In a similar vein, a very impressive list of authors at the London School of Economics (LSE) have written this piece on training:
- The OECD reports that 38% of working-age adults in England are qualified to tertiary level (above the OECD average of 34%), and 25% have below upper secondary level qualifications (slightly higher than the OECD average of 24%). England stands out for having relatively few adults with middle-level qualifications. This gap is related to the lack of funding for advanced vocational qualifications, leaving UK adults a quarter as likely as adults from the US to have undertaken an advanced vocational qualification.
- The UK has seen changes in the labour market over recent decades, in common with many advanced economies. Manufacturing has declined, but the use of information technology and offshoring have led to a change in workplace skills. Social and abstract skills have increased in demand, as the employment shares of occupations that are intensive in routine and manual skills have fallen. For example, occupations that use social skills intensively (such as directorial positions in marketing and sales, human resources, and customer services) have become a larger part of the set of jobs done in the UK, whereas those that have little need for social skills have declined in importance. Alongside these changes, wages have grown particularly strongly for jobs that require a significant amount of abstract reasoning: occupations that use abstract skills intensively have seen average wage growth of 30% since 1994, compared with wage growth of below 15% for occupations that involve below-median levels of abstract skills.
- In general, these shifts are relatively good news for workers with high levels of education and those in high-paying occupations, as they are most likely to utilise social and abstract skills while in the workplace.

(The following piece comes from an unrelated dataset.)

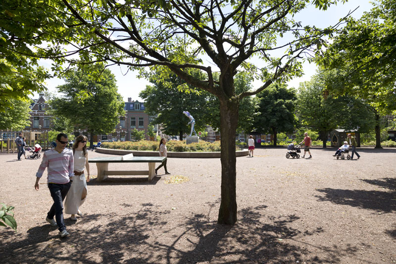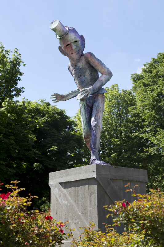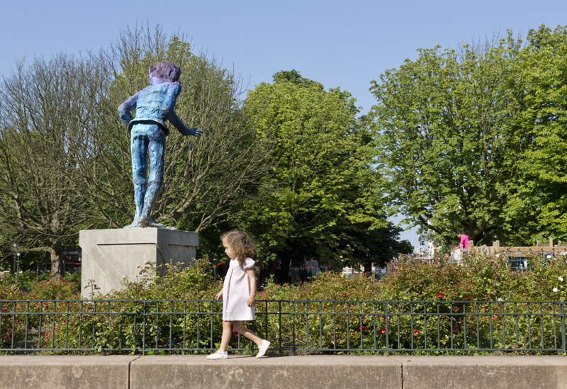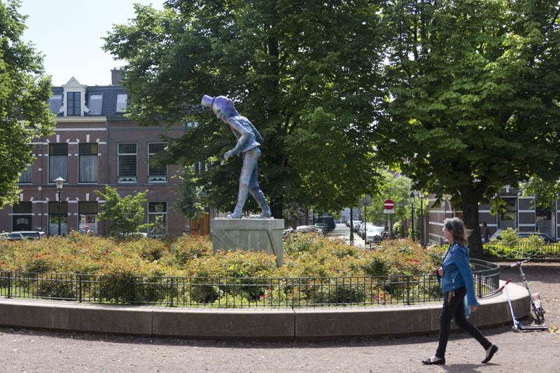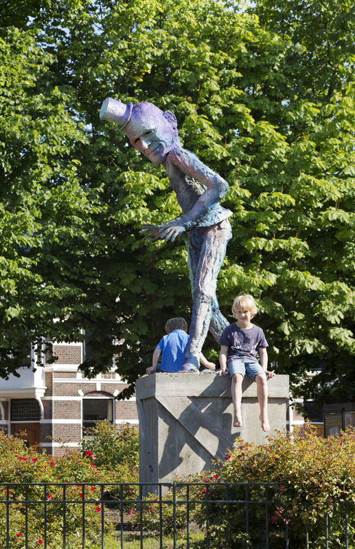 homestroom den haagprogrammakunst en de stedelijke omgevingsubsidies, documentatie en atelierskenniscentrumPublicatieseducatiepers archiefzoekenglish Folkert de Jong ‘De Speler’ Koningsplein, Den Haag Locatie: Koningsplein, Den Haag Onthulling: zaterdag 21 juni 2014, 14 uur door wethouder Ingrid van Engelshoven, gevolgd door een feestelijke middag met kinderspelen Fotoalbum van de onthulling Op zaterdag 21 juni 2014 werd het beeld De Speler van kunstenaar Folkert de Jong op het Koningsplein in Den Haag onthuld door Ingrid van Engelshoven (wethouder Onderwijs en Dienstverlening). Gedurende de feestelijke middag organiseerde het bewonerscomité op het plein tal van kinderspelen. Na het jarenlang pleidooi van omwonenden krijgt het Koningsplein eindelijk weer een markant kunstwerk. Spelende kinderen en ouders op bankjes zijn het nieuwe publiek van de nar van het Koningsplein. Ooit de locatie van Horse Power, een parodie op een klassiek ruiterstandbeeld van de Israëlische kunstenaar Zadok Ben-David, stond er nu al jarenlang slechts een lege sokkel op het Koningsplein. Omwonenden wilden graag weer een nieuw kunstwerk. Men wilde een kunstenaar die het Koningsplein kon 'verbijzonderen', iemand die de identiteit van de buurt (zelf samengevat als ‘allure vs kneuterigheid') in een aansprekend beeld wist te vatten passend ook bij het karakter van het plein. Een delegatie - geformeerd in een kunstcommissie - koos er onder begeleiding van Stroom Den Haag uiteindelijk voor, om Folkert de Jong een nieuw beeld te laten maken. In de beelden van Folkert de Jong figureren historische figuren in soms groteske taferelen. Door het gebruik van kleurige maar kwetsbare kunststoffen waren zijn beelden niet eerder permanent in de openbare ruimte te zien. Het beeld voor het Koningsplein, en het werken met meer klassieke materialen zoals brons, was voor de kunstenaar dan ook een uitdaging. De hofnar en diens ambivalente verhouding tot het hof vormde de inspiratiebron voor De Speler; de hofnar mag de koning bespotten maar is tegelijk afhankelijk van hem als werkgever. Om de trekken van De Speler naar het nu te halen keek de kunstenaar naar de koppen van acteurs als Willem Dafoe en Klaus Kinski. Het beeld neemt met z'n verstilde houding - als in het oog van de storm - een centrale plek in op het drukke plein, waar het zowel koning als nar kan spelen. www.folkertdejong.org PERS Konkreetnieuws, februari 2019 Den Haag Centraal, 27 juni 2014 KonKreet (wijkkrant Regentes/Valkenbos), juni 2014 if then is now, 28 mei 2014 21 Jun '14 Folkert de Jong, 'De Speler' foto: Gerrit Schreurs, courtesy Stroom Den Haag Folkert de Jong, 'De Speler' foto: Gerrit Schreurs, courtesy Stroom Den Haag Onthulling 'De Speler' op 21 juni 2014 foto: Eric de Vries, courtesy Stroom Den Haag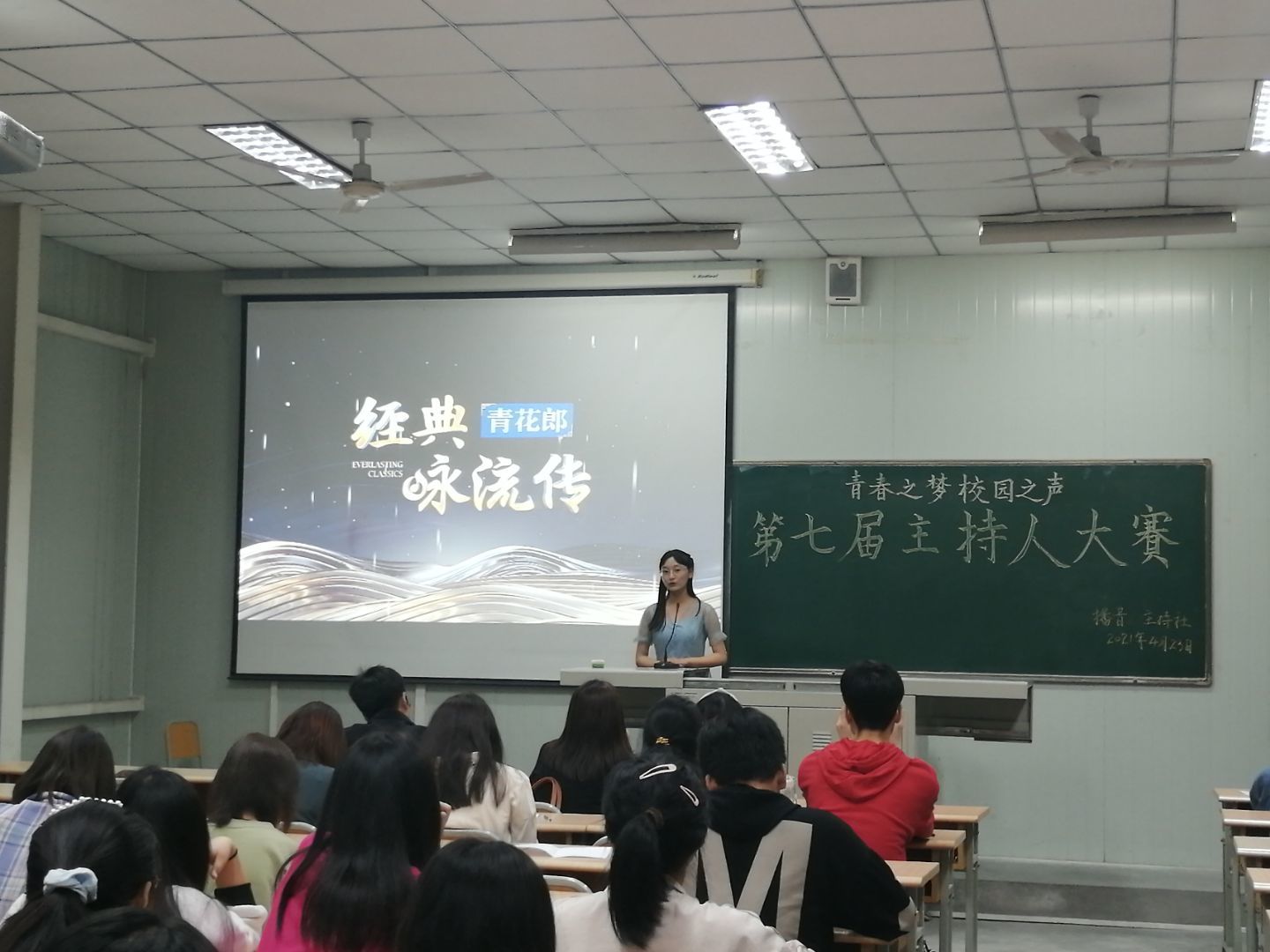 4月23日晚,由澳门网投唯一官网播音主持社举办的“青春之梦,校园之声”第七届主持人大赛决赛在江南校区1024教室如期举行。出席本次大赛的评委有澳门网投唯一官网邸玲老师、崔瑜老师和社团指导老师黄治强老师。播音主持社全体社员、参赛选手的亲友团以及兴趣观众观看了本次比赛。

- The proportion of workers who report that they have received work-related training in the past three months has fallen from 29% in 2002 to 24% in 2020, and has fallen the most for workers aged under 25. The number of days training received per employee or per trainee is lower than a decade ago, as are the proportion of employers who report they are providing training, and the amount of money spent on training by employers. Only 13% of the unemployed received training. This is a particular issue as training is a crucial way for individuals to improve their labour market position and appears to be especially effective for those with lower levels of formal education.
IDA Ireland have published their April Labour Market Pulse. This has a focus on AI:
- The hiring rate slowed through the end of 2022, ending 27% lower in December 2022 than the previous year. This trend continued in early 2023, with rates sitting 27.2% lower in January and 34.7% lower in February year-on-year.
- The labour market stabilised in 2022 following rapid hiring during the reopening of the economy post-pandemic. Employees seem to be prioritising stability and job tenures have increased.
- IDA Ireland, Enterprise Ireland, and the Local Enterprise Offices all reported strong jobs growth in 2022. Unemployment stood at 4.4% in December and GDP grew 12.2% annually
- Demand for AI skills continues to outstrip supply. Skills availability has been identified as the most important obstacle to the adoption of AI for firms both in Ireland and across the EU.
- Machine Learning, AI Applications, and Data Processing & Management were identified as key technical AI skills needs by the DETE.
- Irish companies are responding to the AI skills shortage by focusing on upskilling and reskilling of employees and there has been strong growth in AI work permit applications.